What this task involves:
Among the records below, find the line with "店内のカウンターの天板も赤く" and the line with "四川省区域2025届5月高三北京专家卷·押题卷(二)地理答案". Set down both and every line between, exactly and with no pictures, but nothing else.

Given information:
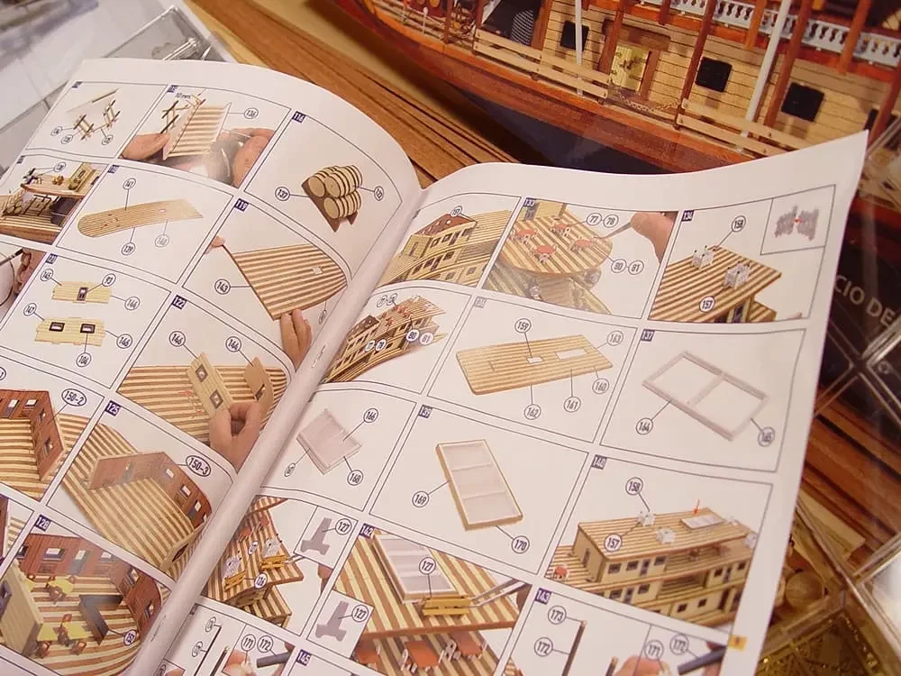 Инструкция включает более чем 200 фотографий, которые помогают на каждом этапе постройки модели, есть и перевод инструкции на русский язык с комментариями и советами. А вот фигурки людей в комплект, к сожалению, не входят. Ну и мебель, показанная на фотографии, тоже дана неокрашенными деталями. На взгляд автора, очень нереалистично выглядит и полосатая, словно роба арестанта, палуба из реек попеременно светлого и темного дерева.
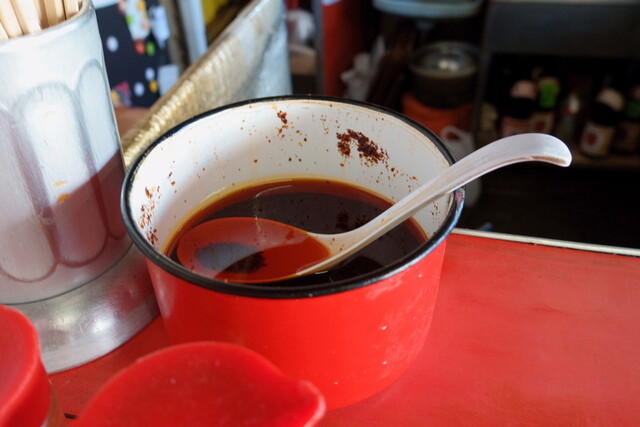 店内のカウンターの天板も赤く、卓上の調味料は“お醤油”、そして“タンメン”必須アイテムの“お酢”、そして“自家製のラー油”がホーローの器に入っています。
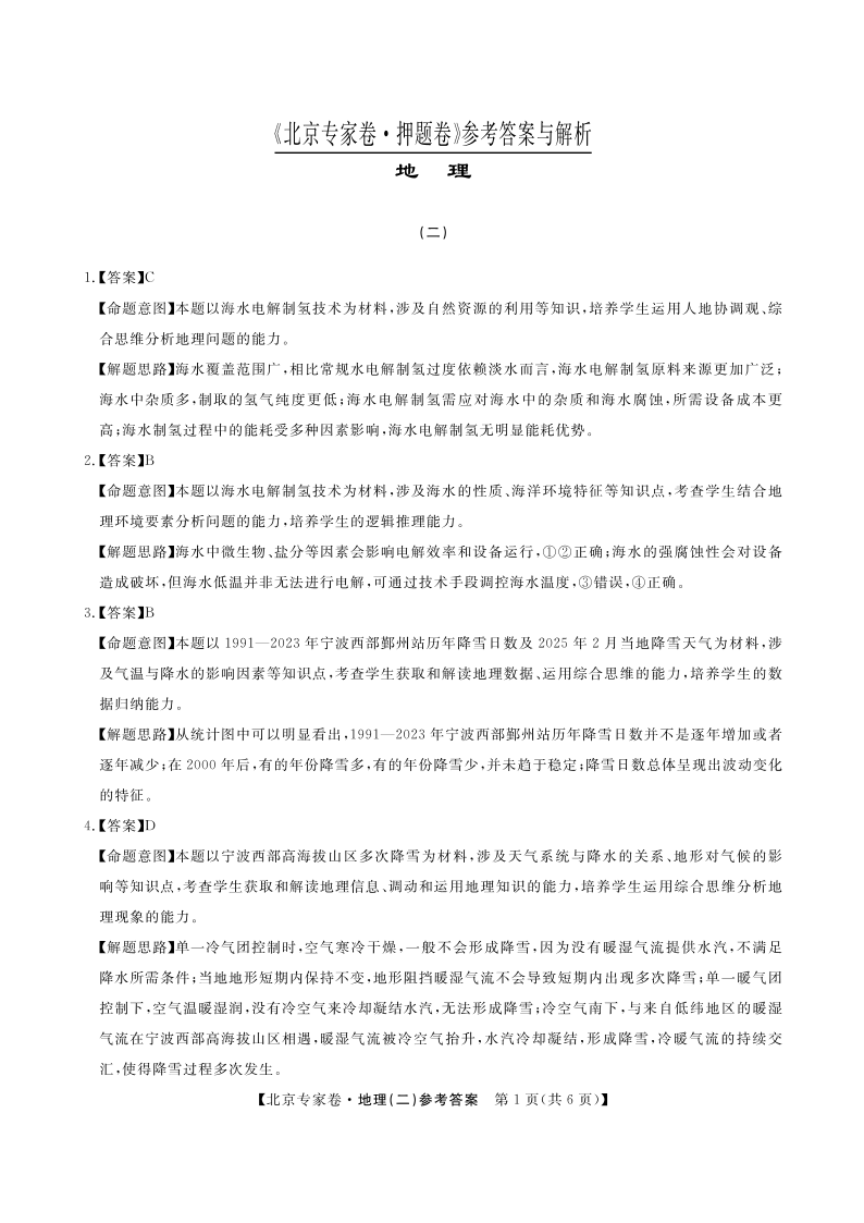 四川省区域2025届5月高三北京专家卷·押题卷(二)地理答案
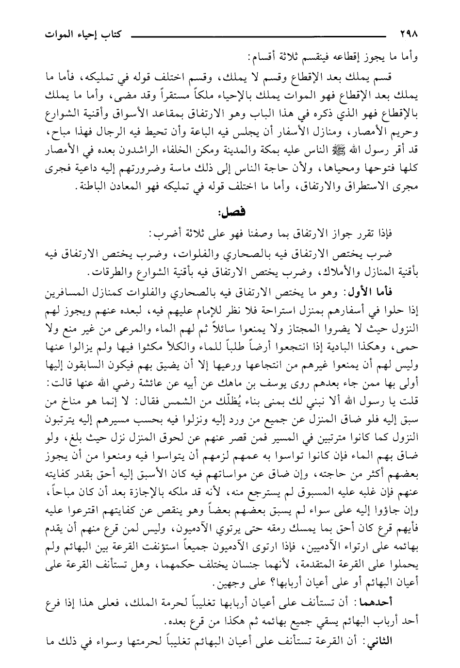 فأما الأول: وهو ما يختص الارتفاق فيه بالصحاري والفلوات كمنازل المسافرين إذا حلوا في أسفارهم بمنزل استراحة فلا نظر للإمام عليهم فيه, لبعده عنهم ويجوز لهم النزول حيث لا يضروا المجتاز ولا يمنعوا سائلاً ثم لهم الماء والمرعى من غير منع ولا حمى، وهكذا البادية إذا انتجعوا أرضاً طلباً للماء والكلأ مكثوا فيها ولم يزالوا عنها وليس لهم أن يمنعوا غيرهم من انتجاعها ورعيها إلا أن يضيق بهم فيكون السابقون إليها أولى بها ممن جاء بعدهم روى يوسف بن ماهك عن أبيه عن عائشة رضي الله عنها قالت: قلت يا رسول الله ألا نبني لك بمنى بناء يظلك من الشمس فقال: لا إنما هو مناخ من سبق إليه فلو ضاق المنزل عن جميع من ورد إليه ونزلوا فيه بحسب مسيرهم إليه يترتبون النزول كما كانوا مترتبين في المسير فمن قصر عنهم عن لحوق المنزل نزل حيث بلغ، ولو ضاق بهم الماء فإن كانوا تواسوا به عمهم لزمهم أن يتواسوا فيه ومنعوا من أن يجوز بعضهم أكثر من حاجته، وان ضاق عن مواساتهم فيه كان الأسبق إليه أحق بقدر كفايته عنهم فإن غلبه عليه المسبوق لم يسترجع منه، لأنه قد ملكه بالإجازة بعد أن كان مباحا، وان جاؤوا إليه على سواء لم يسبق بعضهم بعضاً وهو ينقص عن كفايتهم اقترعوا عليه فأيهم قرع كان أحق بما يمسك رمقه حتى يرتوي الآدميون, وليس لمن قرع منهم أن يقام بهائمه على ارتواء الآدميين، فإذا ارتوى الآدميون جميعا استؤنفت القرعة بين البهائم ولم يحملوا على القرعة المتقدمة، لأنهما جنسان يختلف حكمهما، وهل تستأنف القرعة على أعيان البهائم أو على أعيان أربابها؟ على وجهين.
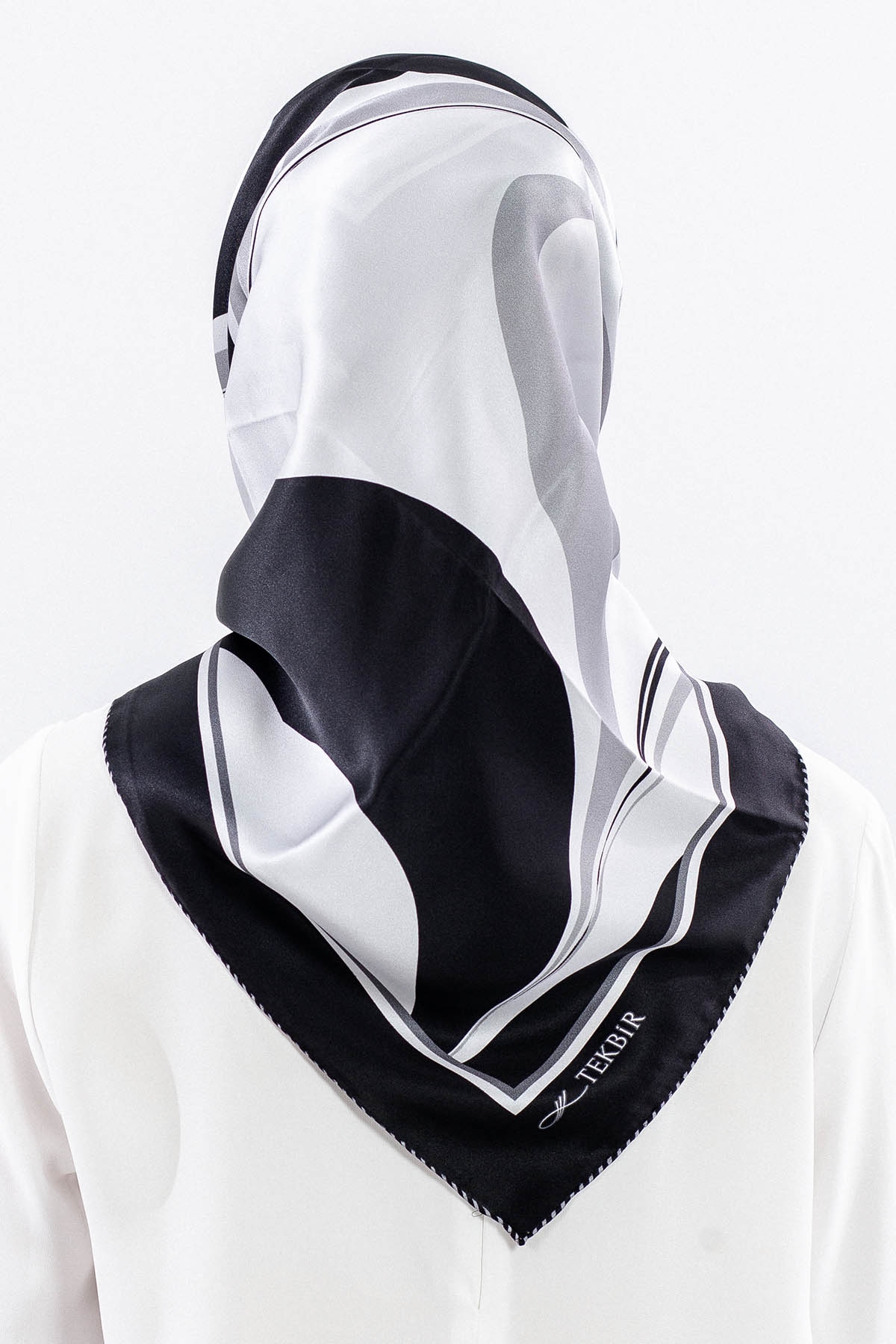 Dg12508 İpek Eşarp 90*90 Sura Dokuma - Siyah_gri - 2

==

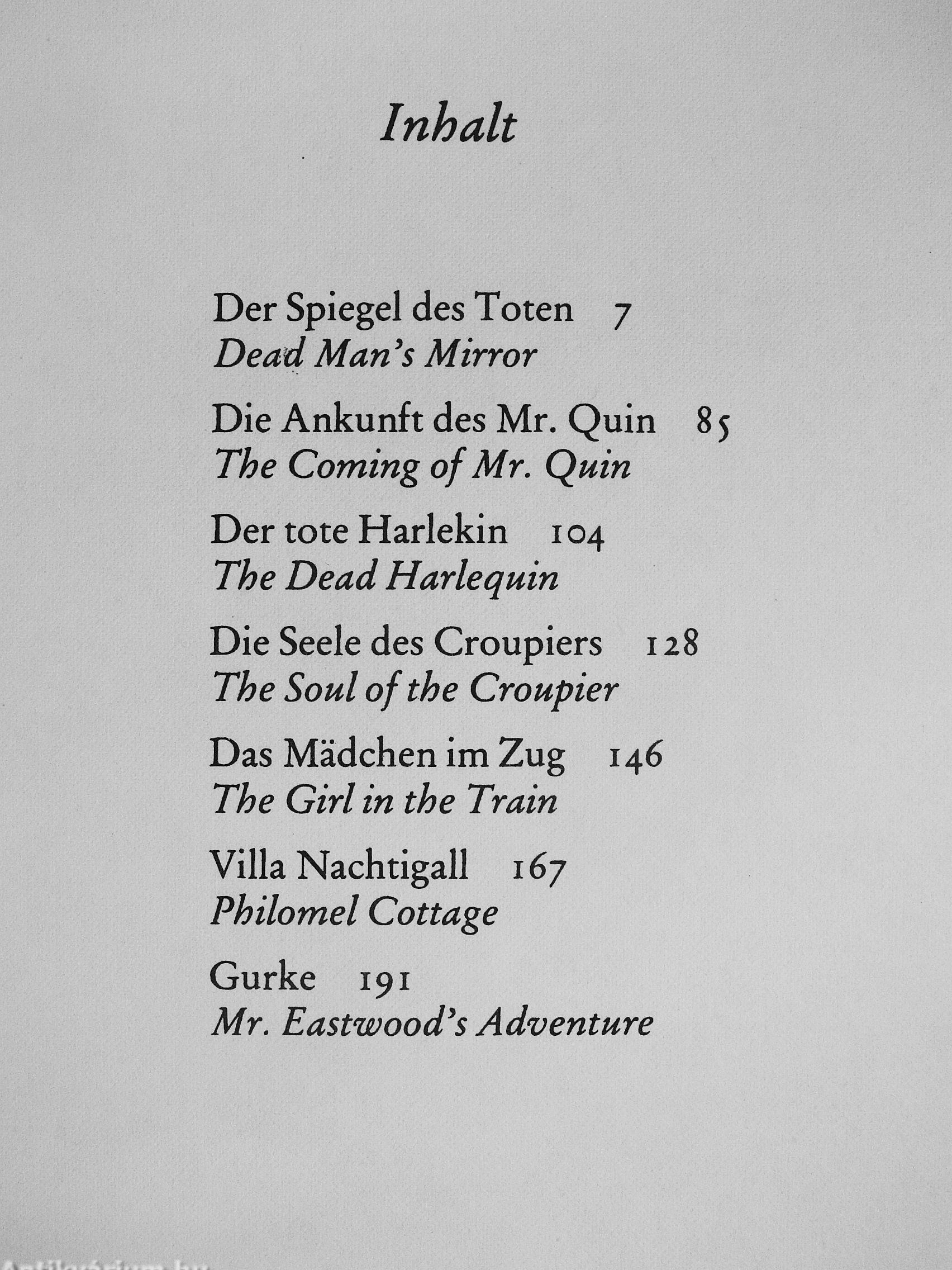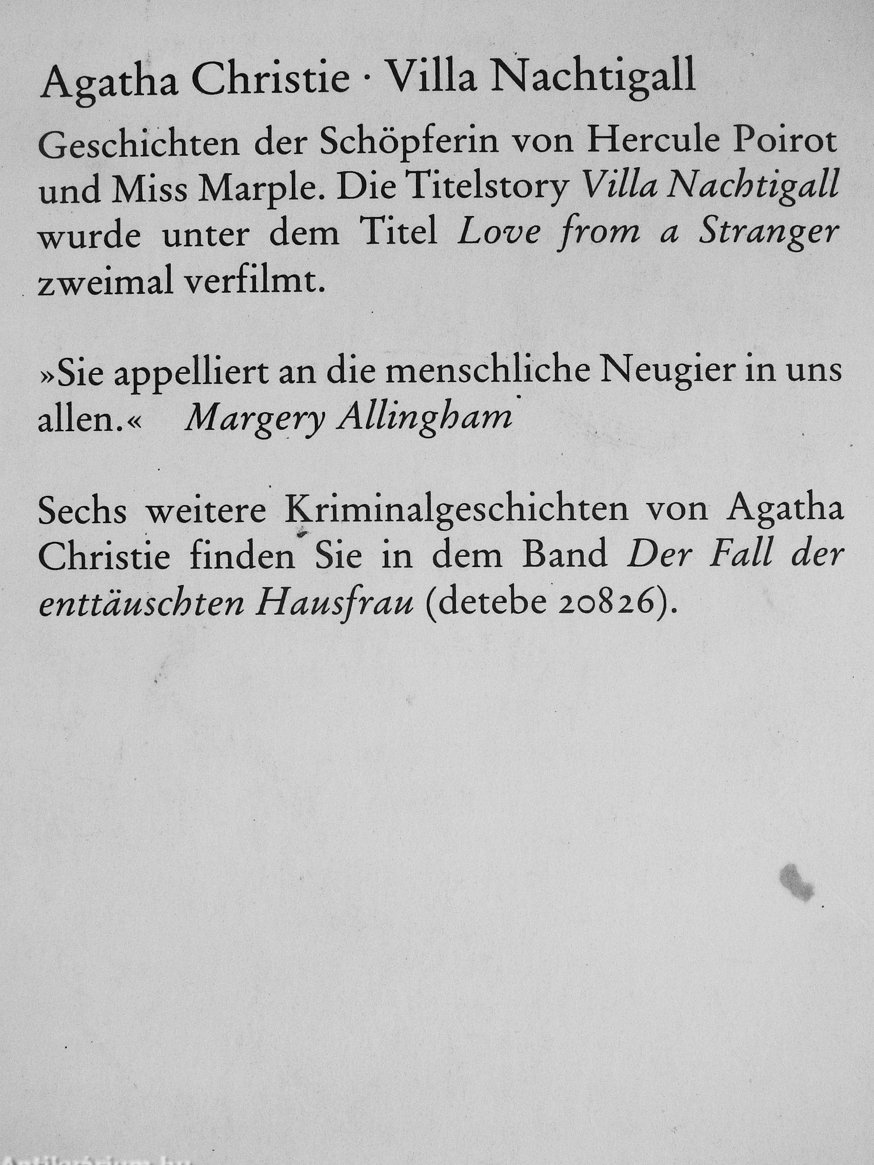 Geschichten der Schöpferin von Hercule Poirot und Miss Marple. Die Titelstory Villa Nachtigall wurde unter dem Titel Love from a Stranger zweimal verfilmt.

...

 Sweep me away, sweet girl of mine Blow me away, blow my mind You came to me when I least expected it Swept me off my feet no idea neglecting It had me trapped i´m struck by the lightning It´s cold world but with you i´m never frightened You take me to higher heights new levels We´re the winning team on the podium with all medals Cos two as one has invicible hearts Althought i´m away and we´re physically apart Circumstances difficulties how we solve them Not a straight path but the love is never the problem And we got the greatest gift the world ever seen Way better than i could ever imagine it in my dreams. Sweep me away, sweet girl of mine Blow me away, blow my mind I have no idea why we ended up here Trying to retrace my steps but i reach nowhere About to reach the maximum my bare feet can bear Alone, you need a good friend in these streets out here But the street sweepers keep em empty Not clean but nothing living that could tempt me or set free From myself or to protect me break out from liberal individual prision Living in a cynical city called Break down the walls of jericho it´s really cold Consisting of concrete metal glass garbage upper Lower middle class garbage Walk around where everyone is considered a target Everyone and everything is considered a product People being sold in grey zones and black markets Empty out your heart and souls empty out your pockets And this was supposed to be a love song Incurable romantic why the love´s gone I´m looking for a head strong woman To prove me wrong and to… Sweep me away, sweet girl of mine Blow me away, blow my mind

Expected output:
 店内のカウンターの天板も赤く、卓上の調味料は“お醤油”、そして“タンメン”必須アイテムの“お酢”、そして“自家製のラー油”がホーローの器に入っています。
 四川省区域2025届5月高三北京专家卷·押题卷(二)地理答案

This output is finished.